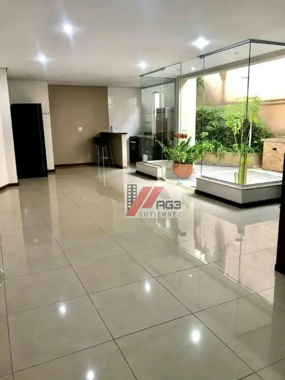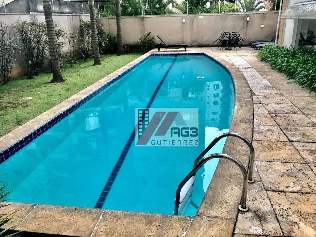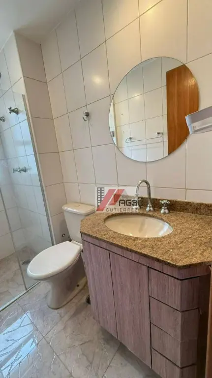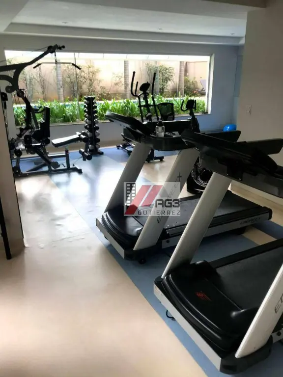 O condomínio conta com uma área de lazer com piscina, academia, salão de festas e sauna, além de portaria 24 horas.
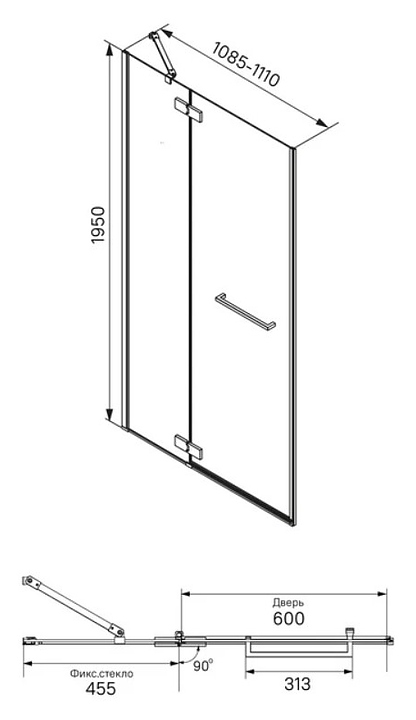 Дверь душевая IDDIS Slide SLI6CH1i69, 110х195 см, прозрачное, распашная, хром
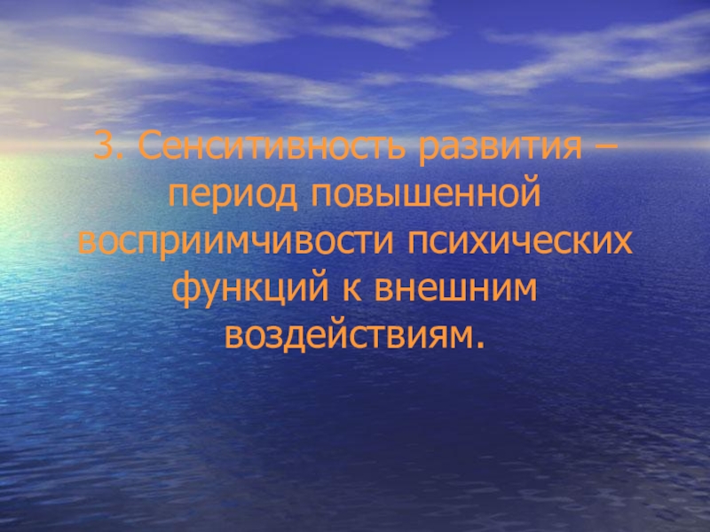 Слайд 223. Сенситивность развития – период повышенной восприимчивости психических функций к внешним
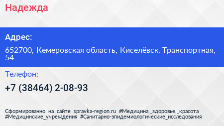 Надежда по адресу 652700, Кемеровская область, Киселёвск, Транспортная, 54 в дальнейшем Организация, размещена в следующих категориях:
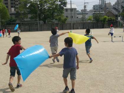 一時間目の導入では、ビニルぶくろを使って遊んでいます。
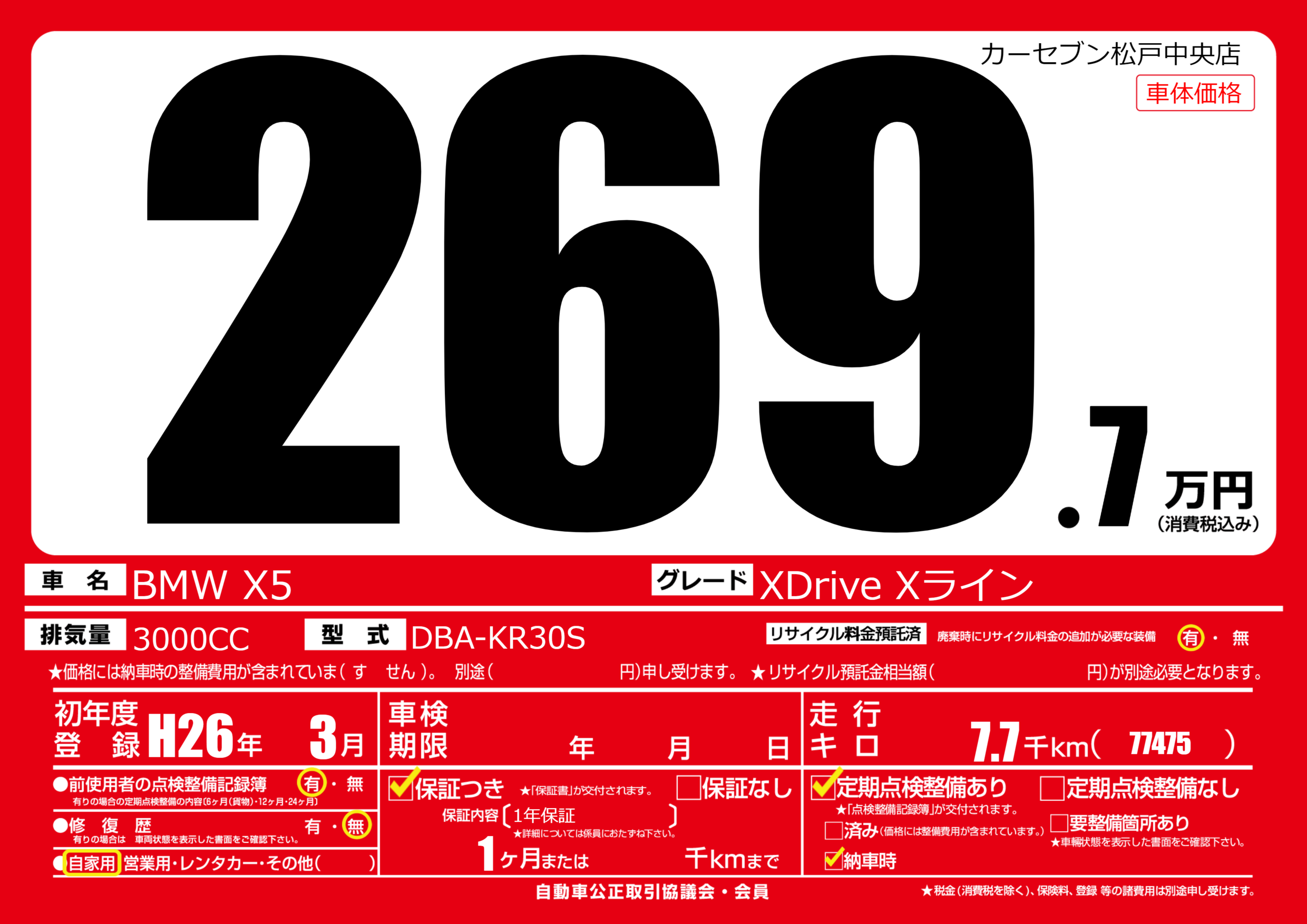 保証付き 保証内容(1年保証) 1ヶ月または()千kmまで |

> [Work task]
Output each entry verbatim; none of the pictures should be included.

> [Response below]
 O condomínio conta com uma área de lazer com piscina, academia, salão de festas e sauna, além de portaria 24 horas.
 Дверь душевая IDDIS Slide SLI6CH1i69, 110х195 см, прозрачное, распашная, хром
 Слайд 223. Сенситивность развития – период повышенной восприимчивости психических функций к внешним
 Надежда по адресу 652700, Кемеровская область, Киселёвск, Транспортная, 54 в дальнейшем Организация, размещена в следующих категориях:
 一時間目の導入では、ビニルぶくろを使って遊んでいます。
 保証付き 保証内容(1年保証) 1ヶ月または()千kmまで |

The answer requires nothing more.